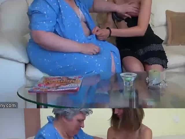 Old Granny with Gal, granny masturbate with a toy and with youthful Gir
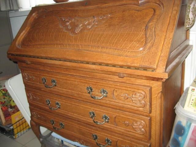 Massief houten, gesculpteerde secretairebureau in heel goede staat. Zo goed als nieuw breedte: 90 cm hoogte: 103 (totale hoogte) diepte deksel dicht: 43 diepte deksel open: 76 hoogte pootjes: 33 aange
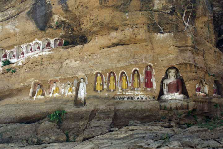 Akauk Taung, in den Felsen gehauene Buddhafiguren.

> **TRY IT**
Write out the whole listing exactly, with no pictures.

> **OUTPUT FOR THIS TASK**
 Old Granny with Gal, granny masturbate with a toy and with youthful Gir
 Massief houten, gesculpteerde secretairebureau in heel goede staat. Zo goed als nieuw breedte: 90 cm hoogte: 103 (totale hoogte) diepte deksel dicht: 43 diepte deksel open: 76 hoogte pootjes: 33 aange
 Akauk Taung, in den Felsen gehauene Buddhafiguren.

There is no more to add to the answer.